Thursday, June 7, 2012

The Core Principle 9 Debate


Core Principle 9 governs the requirement for CFTC regulated futures and options transactions to be executed in an open and competitive fashion.  Requiring futures and listed options to meet the open and competitive standards makes perfect sense: the purpose of a futures market is to allow for price discovery and hedging of market risk to occur. 

CP 9 is intended to assure that prices determined on regulated exchanges fairly and accurately represent the value of the underlying commodity or financial interest.  If a market is competitive – open to many different interested users all looking to have the market reflect their personal opinion of value – and open, so that all of these interested competitors can see at all times what price his competitor believes is true value, then the market will function effectively as a mirror of value.  

Placing a numeric threshold on whether the market is competitive threatens to move such important products as Crude Oil (LO), Gasoline (OB), and Heating Oil (OH) Options and Nasdaq 100 (ND), Palladium (PA), and S&P 500 (SP) futures off of regulated exchanges.   Natural Gas (ON) and Gold (OG) Options as well as Gasoline (RB) and $10 Dow Jones (II) Futures have between 10% and 15% of their volume executed off-exchange, and are threatened with removal.

The first issue is what is the public benefit of removal?  To place such products alongside a medley of swaps that have no real bearing on the price discovery function of markets seems to lessen the price discovery function of these important products. 

Once a product is labeled a swap, or ineligible for trading on a Designated Contract Market (DCM), it is not formally subject to the full “open and competitive” requirements of DCM Core Principle 9.  However, by proposing large block trading sizes, and mandating electronic execution and immediate reporting of trades, the rules for swaps are moving fairly close to the CP9  standards, a kind of CP9 "lite" approach. 

It appears to me that products that have traditionally traded as futures contracts likely serve an important price discovery function, and ought to be left on highly regulated DCMs.  Products that are typically unimportant to price discovery (swaps) do not require CP9 lite or any other prescriptive trading regime. 

Is there a benefit to treating important products for price discovery as swaps, and treating swaps as important products for price discovery?  I don’t think so.  The trading rules for swaps are moving closer to the standard for CP9 without a good reason to impose a standard meant for instruments that have a pricing function in the economy.  The fact that a highly complex swaps trading regime, is in the works does not make it an appropriate venue for futures contracts that are economically important to pricing of key goods and services. 

Having essentially taken the Pink Floyd approach to futures regulation:  “…Regulator, leave those futures  contracts alone…” I also believe that applying open and competitive trading requirements to swaps - CP9 “lite” - also makes little sense to me.

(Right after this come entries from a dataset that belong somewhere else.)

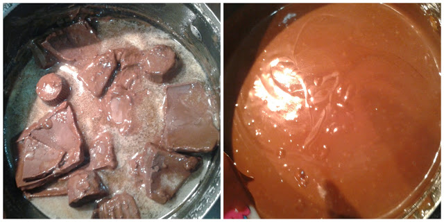 Leve ao fogo uma panela com o todos os ingredientes e misture bem até derreter todo o chocolate e ficar bem homogêneo.
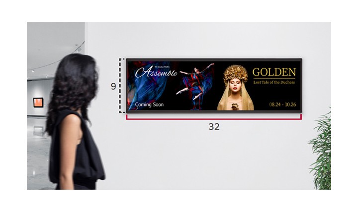 Tryb pionowy/poziomy 37-calowy wyświetlacz LG Stretch Display może być również używany w orientacji pionowej, co pozwala na elastyczne wykorzystanie w różnych sytuacjach instalacyjnych/użytkowych, zarówno w orientacji poziomej, jak i pionowej. Można go wykorzystać do wyświetlania treści zgodnie z charakterystyką i rozmiarem niewykorzystanych i pozostałych przestrzeni. |
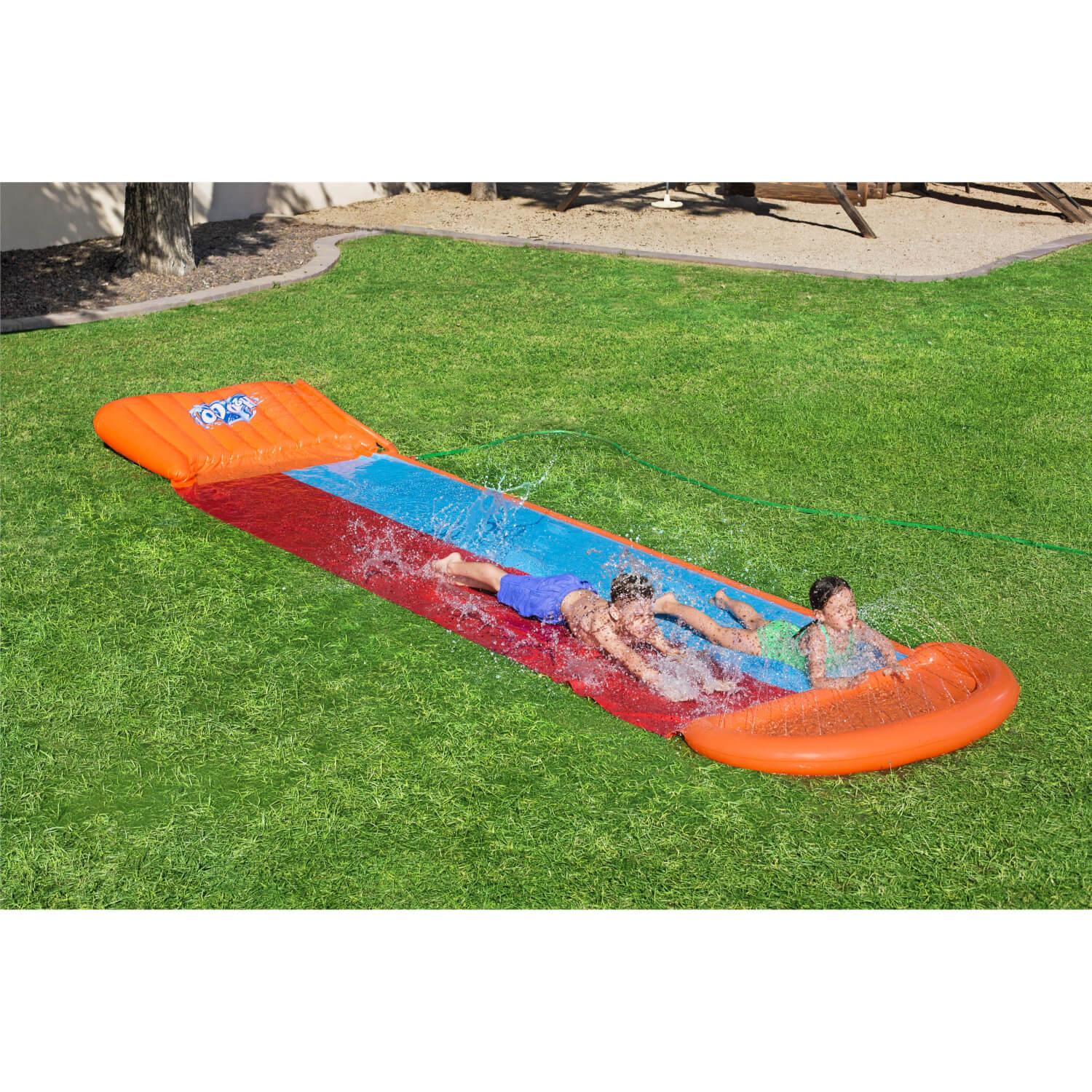 Disfrute de un tiempo salvaje y divertido al aire libre y un paseo mojado con el tobogán acuático Bestway. Te brinda más diversión de verano con una plataforma de aterrizaje acolchada y una rampa de velocidad en la parte delantera. Este tobogán inflable cuenta con un despegue de salpicaduras y secciones dobles extralargas para dos personas que van al mismo tiempo. Invita a un amigo a participar en la acción y compite para ver quién llega primero al final. También cuenta con una piscina poco profunda con parachoques en los extremos. ¡Simplemente conecte una manguera de jardín y listo!
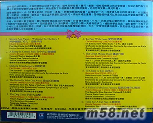 價(jià)格為估,以實(shí)到貨為準(zhǔn)! 古典貓 - 喵瞇古典(m58.net) 隨著幾聲貓叫,由《皮爾金組曲》平和的〈清晨〉,輕輕喚醒您的愛貓,迎接新的一天。接著進(jìn)入每天的各種活動(dòng):在公園嬉戲、追蚱蜢、抓蝴蝶、獵老鼠,甚至逗弄挑釁附近的狗兒,跟牠來場(chǎng)追逐賽;閒得發(fā)慌時(shí)還可以把自己的尾巴當(dāng)成假想敵,團(tuán)團(tuán)轉(zhuǎn)地追著來消磨時(shí)間。 有時(shí),在情緒比較平緩時(shí),貓兒喉間會(huì)發(fā)出低沈的呼嚕聲,伴著德布西的〈小舟〉,與您來場(chǎng)心靈的交流。最后在靜謐渺遠(yuǎn)的《牧神的午后前奏曲》陪伴中,您的愛貓進(jìn)入沈沈的夢(mèng)鄉(xiāng)─這樣的小睡一天會(huì)有很多次,據(jù)動(dòng)物學(xué)家指出,貓科動(dòng)物一天有十六小時(shí)以上是在睡眠狀態(tài)中。接著,以上這些活動(dòng)可能會(huì)再重覆個(gè)好幾回,也不一定按照這樣的順序,該怎么使用這些音樂,就由各位愛貓人士自由調(diào)配了。 另外專輯隨機(jī)附贈(zèng)美國原裝進(jìn)口貓薄荷(給您的愛貓用),就試試您的手氣吧!
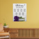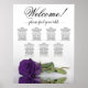 Le tableau des places mariages comprend sept tables et présente une esthétique romantique et étonnante. Un rose royal violet à longue tige se repose horizontalement, projetant un reflet dans un bassin d'eau. Le titre du graphique est écrit avec élégance dans la calligraphie script, en lisant "Bienvenue! Veuillez trouver votre table." La partie inférieure donne de la place pour les noms du couple et la date du mariage. Avec dix places par table, ce tableau peut accueillir 70 convives et sert d'outil pratique et agréable pour guider les clients vers leur siège à la réception.

The vast majority of swap transactions have little or no impact on the price of the underlying good or service.  Oil swaps derive their value from the price of oil futures; same with natural gas; same with interest rate swaps relying on U.S. Treasury cash and futures prices as well as the Eurodollar futures market; agricultural swaps depend on the price of benchmark agricultural futures; metals swaps rely on cash and futures gold and silver futures markets.  These are derivatives that have little independent  impact on the price that the public cares about such as gasoline at the pump or home mortgage rates.  If 85% of the swap trades occur openly in the public square rather than over a phone, the public good will not be improved even marginally. 

The traditional function of futures exchanges has worked well, and continues to do so.  DCMs should be granted broad discretion to determine which products affect price discovery, and to offer them discretion to meet the open and competitive standard of CP9 as has always been the case.

Swaps, on the other hand, do not need a futures-like trading regime.   The problem with swap trading is not the lack of price transparency, which is important in pricing core goods.  Rather, swaps have lacked risk transparency.  Knowing how many have been issued, who holds them, and how are they  valued and collateralized are issues of broad public importance.   Uncleared swap transactions, as opposed to swaps executed according to one set of rules or by private means, actually pose a threat to the public interest.   How they were executed does not have much significance in protecting the public, however. 

Threatening to displace important products from DCMs is unsettling to the market.  Creating a CP9-like set of trading requirements for swap markets does not lessen the threat to the public’s ability to get price discovery benefits from these products.  Indeed, focusing at all on the pricing mechanism for swaps that do not impact the price discovery process is time better spent on applying trade reporting and clearing to the swaps world.